Task brief
Give all the lines below again, exactly, with no pictures.

** Provided data follows **

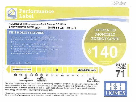 Cedar floor plan. Eco friendly home with standard features such as 2x6 exterior walls, 15 SEER heatpump, granite countertops, hardwood floors, stainless steel appliances, crown molding, insulated garage doors, security system, irrigation system, and to top it off, free lifetime golf with the purchase of a new home from H&H Homes. Through the ecoSelect certification program, all H&H Homes are designed and built to be healthier, more comfortable, and more energy efficient than energy star! Come out and see the difference! Move in ready! Ask about the awesome incentive on this home!
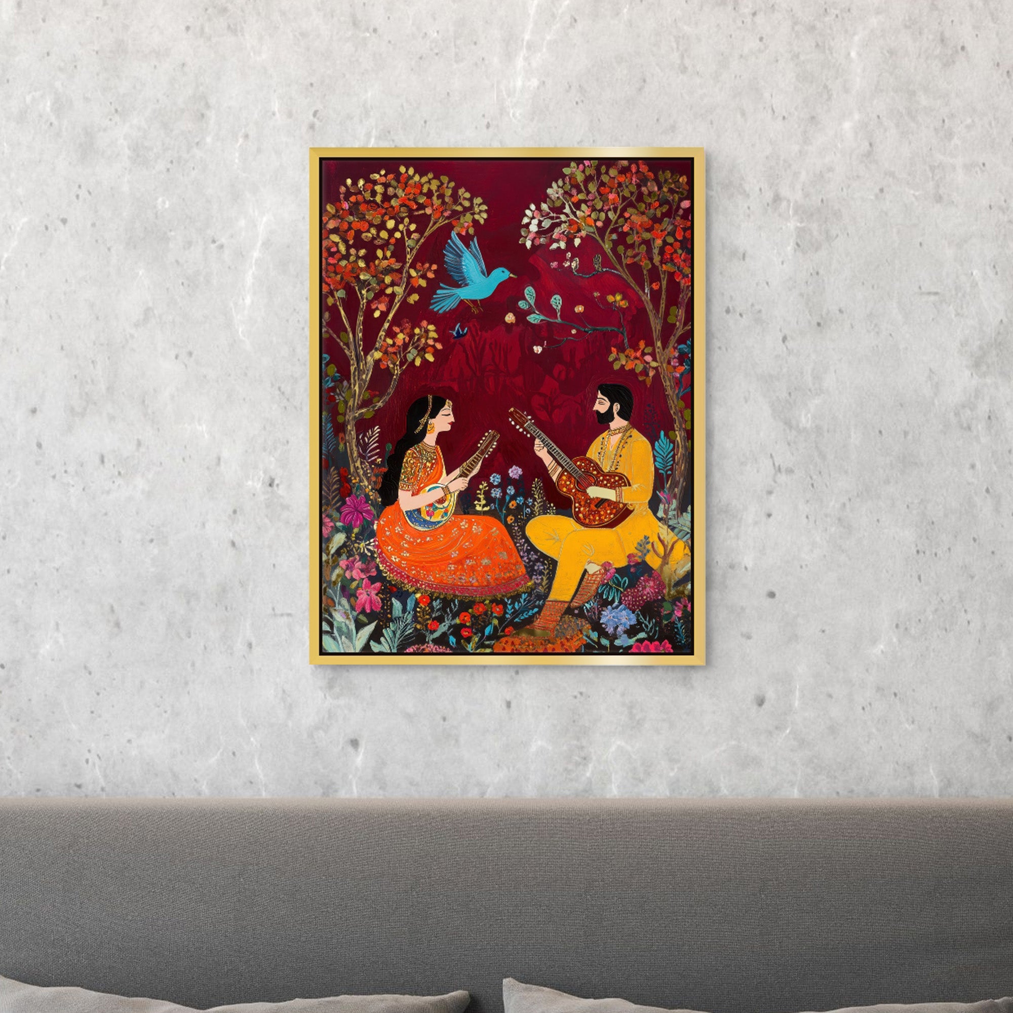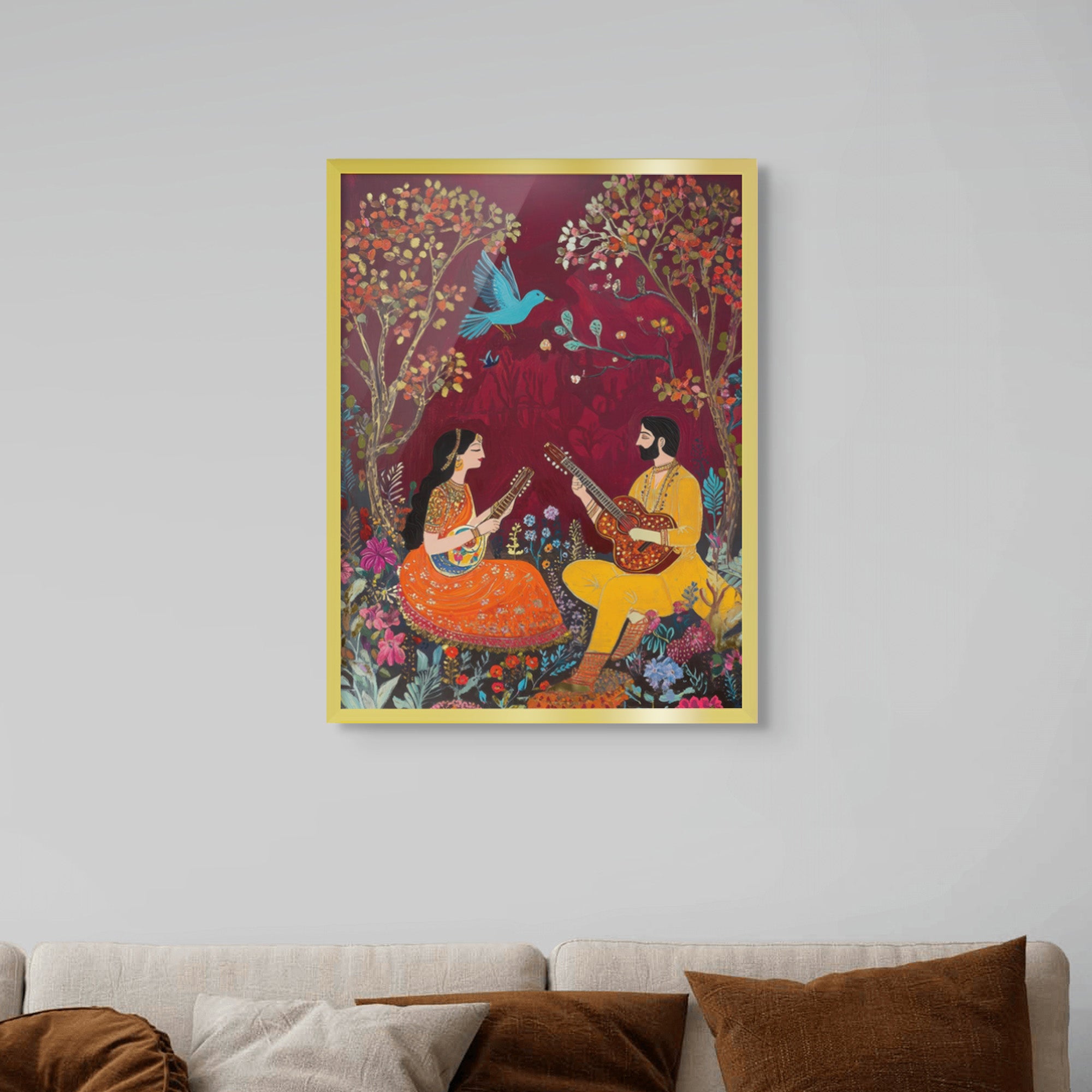 Raga of Love celebrates musical harmony between two souls, set in a blooming garden of colour and connection. With vibrant tones and playful detailing, this artwork enlivens living rooms, music corners, reading nooks, or creative studios.
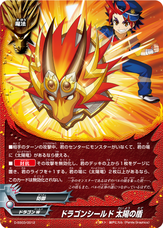 - [Counter] Nullify the attack, put the top card of your deck into your gauge, and you gain 1 life. If you have two or more 《Sun Dragon》 on your field, this card cannot be nullified.
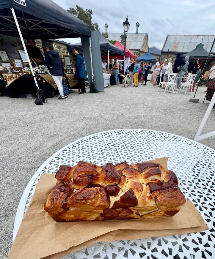 One of the stalls at the market, the most popular based on the number of people lining up, was a small French bakery. Mick wanted a croissant, but when I got to the front of the line I spotted this and had to try it. I asked the French owner if he had a half loaf, as I thought that would be enough, he explained that many people buy it to make French Toast or to use it to make sandwiches as he does. It was soft and fluffy inside made with swirls of plain and chocolate pastry. Quite delicious.

** End of Provided data **

Task answer
 Cedar floor plan. Eco friendly home with standard features such as 2x6 exterior walls, 15 SEER heatpump, granite countertops, hardwood floors, stainless steel appliances, crown molding, insulated garage doors, security system, irrigation system, and to top it off, free lifetime golf with the purchase of a new home from H&H Homes. Through the ecoSelect certification program, all H&H Homes are designed and built to be healthier, more comfortable, and more energy efficient than energy star! Come out and see the difference! Move in ready! Ask about the awesome incentive on this home!
 Raga of Love celebrates musical harmony between two souls, set in a blooming garden of colour and connection. With vibrant tones and playful detailing, this artwork enlivens living rooms, music corners, reading nooks, or creative studios.
 - [Counter] Nullify the attack, put the top card of your deck into your gauge, and you gain 1 life. If you have two or more 《Sun Dragon》 on your field, this card cannot be nullified.
 One of the stalls at the market, the most popular based on the number of people lining up, was a small French bakery. Mick wanted a croissant, but when I got to the front of the line I spotted this and had to try it. I asked the French owner if he had a half loaf, as I thought that would be enough, he explained that many people buy it to make French Toast or to use it to make sandwiches as he does. It was soft and fluffy inside made with swirls of plain and chocolate pastry. Quite delicious.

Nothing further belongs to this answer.